How are you Getting Better at Getting Better?

Posted by Dean Harms on Apr 28, 2020 2:56:20 PM

improve

It’s 2020 - a year we will never forget.  The Coronavirus pandemic is unprecedented in its economic and social impacts.  We’ve seen nothing like it and hope to never see it again.  And now that we are in this and expecting to soon get on the other side of this, many questions surround what the new normal is going to look like.

While the social impact of this event has caused most of America to “shelter-in-place,” the economic impact has disrupted supply chains, slowed, stalled or stopped businesses, created layoffs, furloughs and pay cuts.  Consumer spending is slowing, demand is softening, and the continued impact will be felt for months to come.  Nothing like it?  But wait, let’s pause and turn the clock back to 2008/2009 when we endured a bit of disruption caused by the Stock Market Crash of 2008 followed by the housing market collapse.  For many businesses, it created a 25% reduction almost overnight in revenue which resulted in layoffs, pay cuts, disrupted supply chains, foreclosures and bankruptcies with ripple effects that lasted for months.  So, we got hit in 2008 and now 12 years later, we got hit again.  The question is, did we learn from 2008 and adjust our businesses to weather through disruption events?  Or did we return to business as usual, enjoy the gains and financial prosperity of the last few years and then see it wiped away in a month?  Did we move forward in 2008?  How are we going to move forward from 2020?  Have we done anything to get better at getting better?

Many organizations are structured around operations, finance, and sales.  Sales creates and brings in the demand, operations processes that demand (products and services) and finance takes care of the money.  Then there are external pressures applied that drive the need for improved efficiency, throughput, quality and cost reductions to name a few.  To address this pressure, many have applied continuous improvement efforts.  In the context of the Lean methodology, continuous improvement seeks to improve every process in your company by focusing on enhancing the activities that generate the most value for your customer while removing as many waste activities as possible.  For the most part, this has been a focus on operations to include 5S workplace organization, process flow, facility layouts, quality, inventory control and a focus on workforce and skills development.  These are all good activities that can have a significant impact.  Since 2008, there has been much effort applied; through that application did you get better at getting better?  Did the continuous improvement efforts take hold and drive improvement?  Or did things level back out around sales, operations, and finance?  How did that prepare you for the COVID-19 crisis or did it feel a lot like 2008?  And if 2020 feels a lot like 2008, what do we do now?  How do we move forward knowing that business has cycles and this is going to come again in some shape or form?  Is there a new normal?
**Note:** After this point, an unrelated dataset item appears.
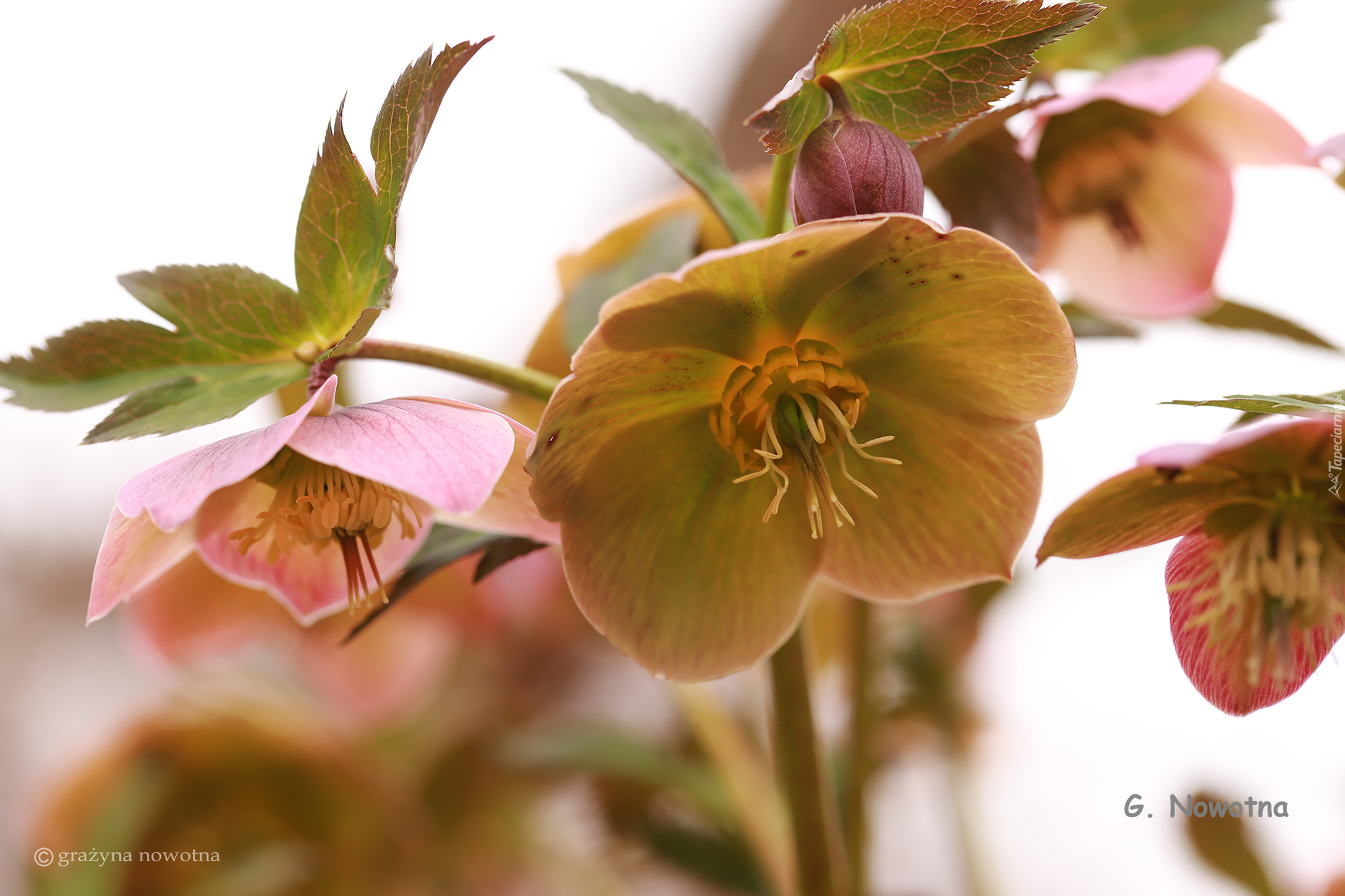 Edytor tapety: Kwiaty ciemiernika w zbliżeniu na jasnym tle

Is there a better way?

There is an enduring approach to organizational performance that has been around since the 1980s. It has proven its value and can be applied today to create and sustain that same value.  So it’s not really new but can certainly be something new. I’m talking about the Baldrige Excellence Framework.

The Framework is internationally recognized to drive improvement, performance and innovation.  Seven critical aspects of managing and performing as an organization are included. This approach is more comprehensive than our traditional focus on operations, finance and sales or even continuous improvement.  The Framework asks us to explore our strengths and opportunities for improvement in seven categories:

  1. LeadershipHow do Senior Leaders’ personal actions and responsibilities and the organizations governance system guide and sustain the organization to build success now and into the future?
  2. StrategyHow do organizations develop strategic objectives and action plans, implement them, change them if required and measure progress?
  3. CustomersHow do organizations engage customers for long-term success, listen to customers, serve, and exceed expectations and build customer relationships.
  4. WorkforceWhat workforce practices are utilized that create and maintain a high-performance environment and engage your workforce to enable it and your organization to adapt to change and succeed?
  5. OperationsHow do you focus on your organization’s work, product design and delivery, innovation, and operational effectiveness to achieve success now in the future?
  6. Measurement & Results - How do you measure, analyze, and improve organizational performance to align your operation with strategic objectives?

Baldrige will further ask the following:

  • Approach - What is your approach in each of these areas?
  • Deployment - How is that approach being deployed? Is it aligned, effective and systematic? How do you know?
  • Learning – What new knowledge or skills have been acquired or learned that has improved the approach? How do you know you’ve gotten better?  Is it a fact-based systematic manner with evidence of organizational learning?
  • Integration – Has the organization achieved a state of consistency and harmonization of all the individual components of a performance management system that operates as a fully interconnected unit.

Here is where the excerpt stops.